I don't think it's fair to say Hill has changed his views much. To this day, he says he disagrees with the single-bullet theory, and he continues to say the head wound he saw was on the back of the head. It's just that when he points out where he recalls seeing this wound he points to a location at the top of the back of the head behind the ear. And people who desperately want to believe the wound was below this location have taken to claiming he's a xxxx. This is grossly unfair, as these same people don't seem to mind the contradictory statements of men like McClelland and Crenshaw, who undoubtedly changed their recollections and ended up telling people what they knew they wanted to hear.
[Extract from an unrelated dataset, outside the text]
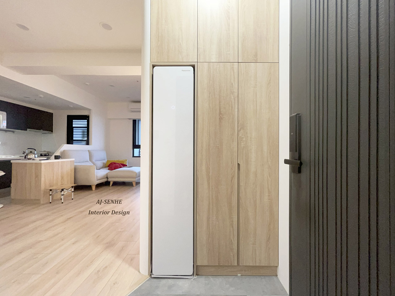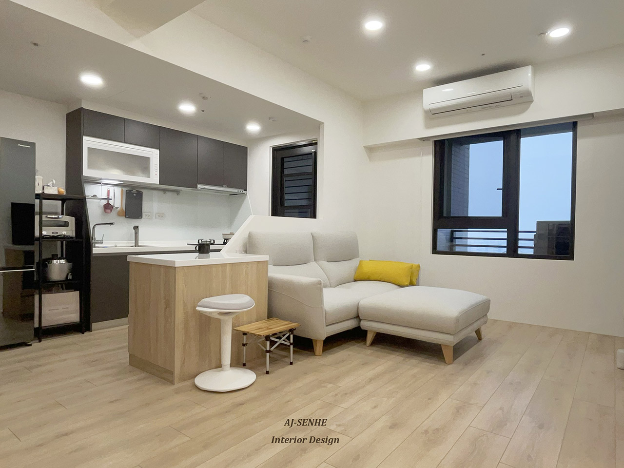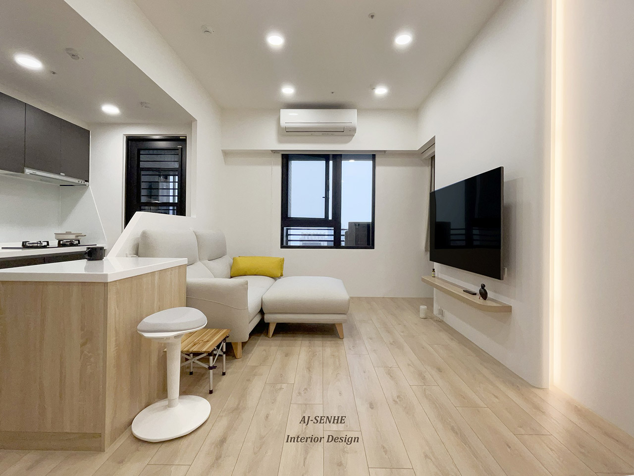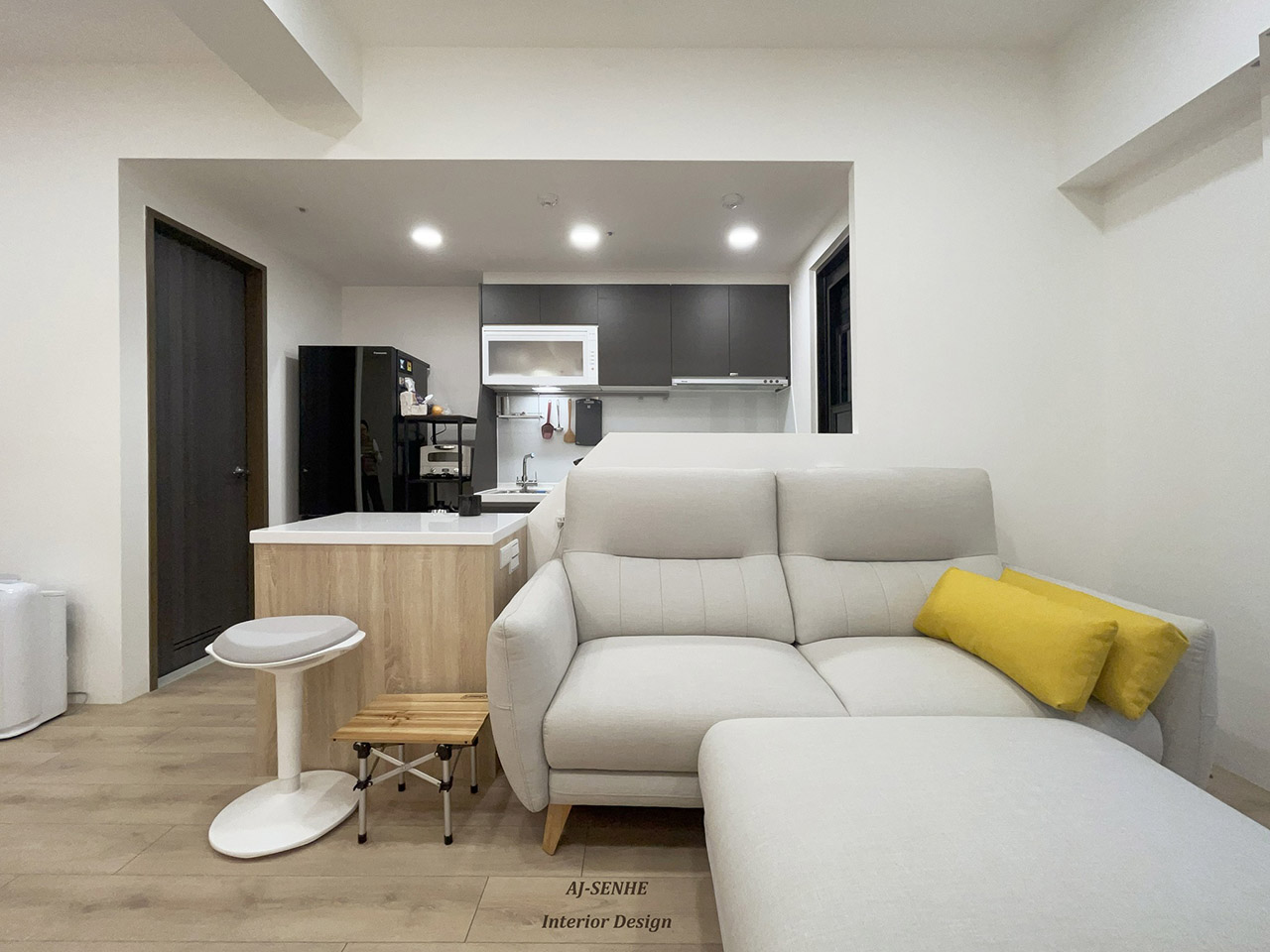 此案件為與 AJ設計 合作的案件, 物件本身為3房的配置,建材相互融合與燈條搭配, 此無繁複的裝飾搭配上輕柔感木紋系統櫃 溫雅氛圍,瀰漫在每一處。 點綴上溫潤的間接照明, 活潑了空間,也形成一大亮點。 玄關處特意設置落塵區, 讓出入有所緩衝, 並將電子衣櫥融合收納櫃, 讓清新與美觀同時具備, 將原本的兩房打通, 搭配上開放式廚房延伸整體空間的視野, 精巧的收納設計與圓潤弧度, 為單身女性量身打造明亮溫馨的宅邸。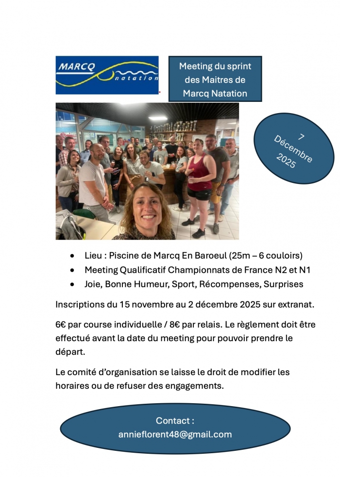 Ce dimanche 7 décembre aura lieu le Meeting du Sprint des Maîtres à Marcq-en-Baroeul.

On a separate point, moreover, Hill claimed that when he looked down into Kennedy's skull it looked like someone had taken a scoop out of his brain. This is inconsistent with the single-assassin scenario. Such a wound to the brain would not occur at exit and would only occur in a wound of both entrance and exit--a tangential wound. Dr. William Kemp Clark, a neurosurgeon with a military background, who was the only doctor to fully inspect the wound at Parkland, told the press and never recanted that in his impression the wound was a tangential wound. 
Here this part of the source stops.